FILM REVIEW A creepy folk tale becomes banal film


‘THE CURSE OF LA LLORONA’

Grade: 2 stars (out of 4)

Rating: R

Running time: 1:33

By LINDSEY BAHR

AP Film Writer

La Llorona, a woman who according to Mexican legend murdered her own children and now wanders the earth looking for them, snatching other unsuspecting tots and drowning them, gets her close-up in a major Hollywood film, Warner Bros.’ “The Curse of La Llorona.” It’s a pretty terrifying bedtime story popular in the Latino community, used to scare children into behaving with the threat that La Llorona will come and take them if they don’t. Seems like decent enough fodder for a jumpy 93 minutes at the movies.

But the so-called “weeping woman” may have another reason to wail once her big North American debut hits theaters. The movie, from director Michael Chaves and producer James Wan, who made “The Conjuring” so good and stylish that it inspired a whole “universe” of films, including this one, just isn’t that great. In fact, it makes La Llorona pretty ordinary – a demonic bride who terrorizes two single-moms and their families in Los Angeles in the late 1970s by running at them screaming and crying oily black tears.

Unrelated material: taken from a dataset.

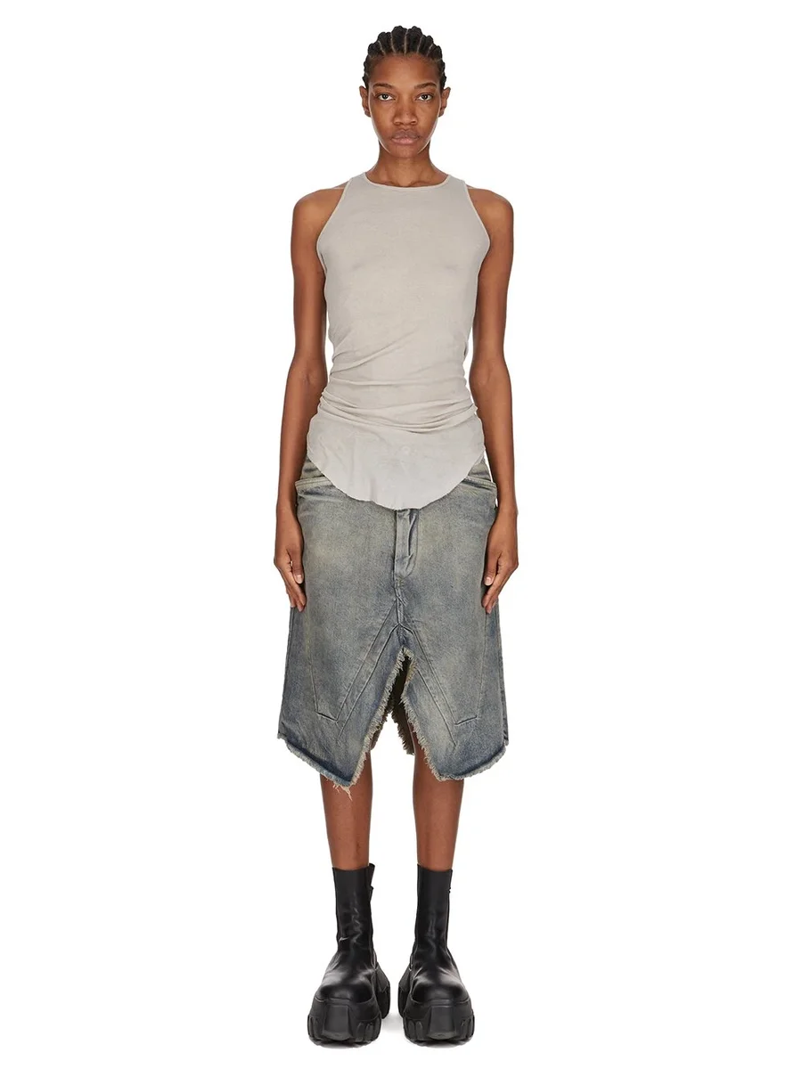 RICK OWENS FW25 CONCORDIANS LONG SLIVERED SKIRT IN DIRTY HUSTLER 14OZ HUSTLER SLUB DENIM

The screenplay is mainly about Anna Tate-Garcia (Linda Cardellini), a widowed child-services worker and mom to two, Chris (Roman Christou) and Samantha (Jaynee-Lynne Kinchen). One of her cases, Patricia Alvarez (Patricia Velasquez), a mother of two, is being haunted by La Llorona and when Anna intervenes, suspecting that it was mom who burned marks into her sons’ arms, both boys end up dead, drowned in the shallow LA River.

So La Llorona turns her attentions to Anna’s kids, and things start to get quite stressful and scary in their big home, in part because although Anna, Chris and Samantha eventually encounter this very formal demon, none talk to each other about it. Even more frustrating: When Anna sees burn marks on her daughter’s arm, after very recently having seen the same marks on the two now dead Alavarez boys, she doesn’t pry further when Samantha says she merely fell.

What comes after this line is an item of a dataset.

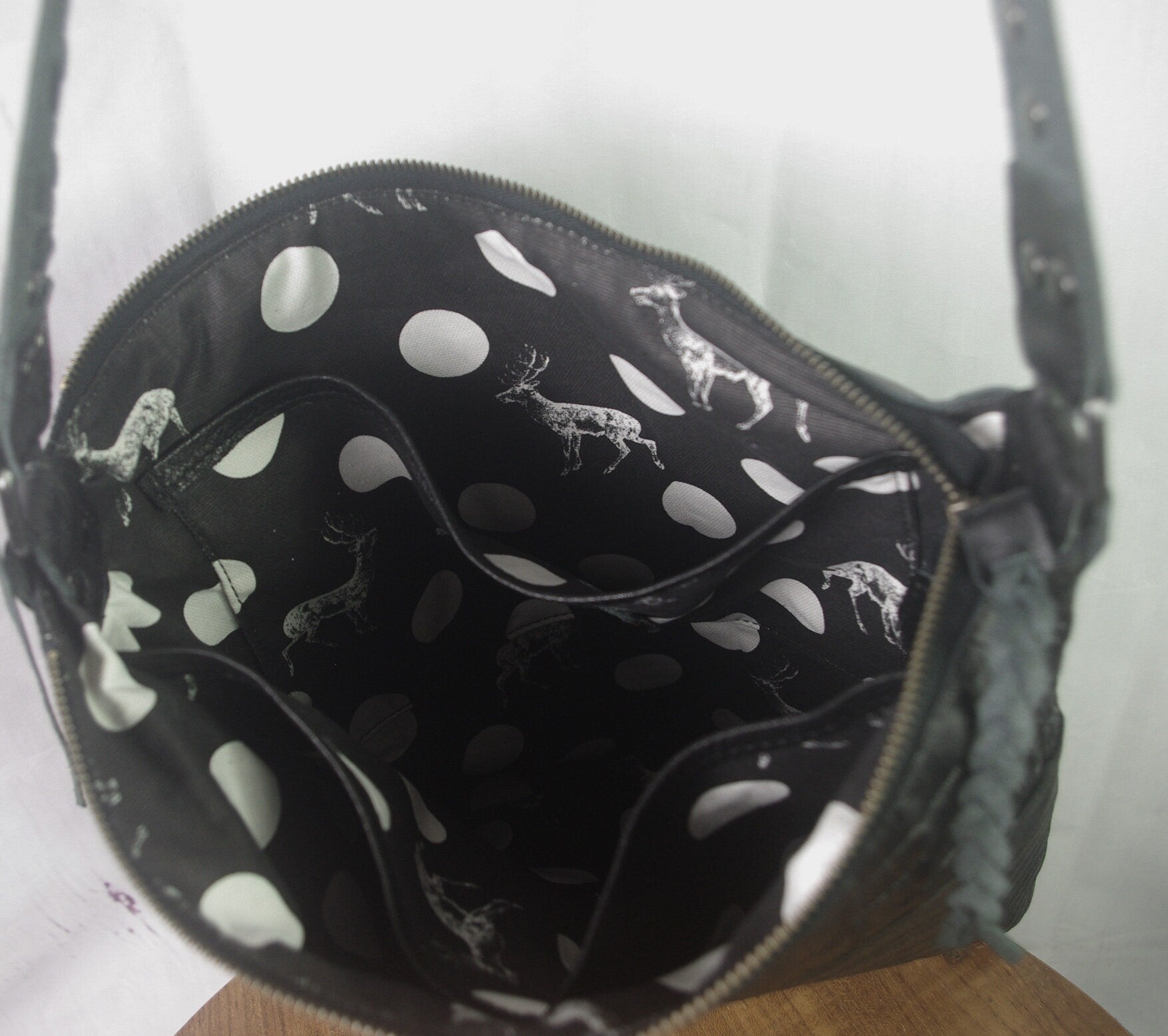 Boheme Black Embossed Leather Hobo Multi Leather Crossbody Bag

The film feels both long and rushed, which is something of an accomplishment as Chaves speeds through scenes. Plotlines are abandoned at will, there are set ups for things that never come back and some suspiciously malleable “monster-logic” that makes the whole endeavor seem a little lazy and half-baked.

The legend of La Llorona could inspire a whole universe of films on its own, but not with a kick-off like this.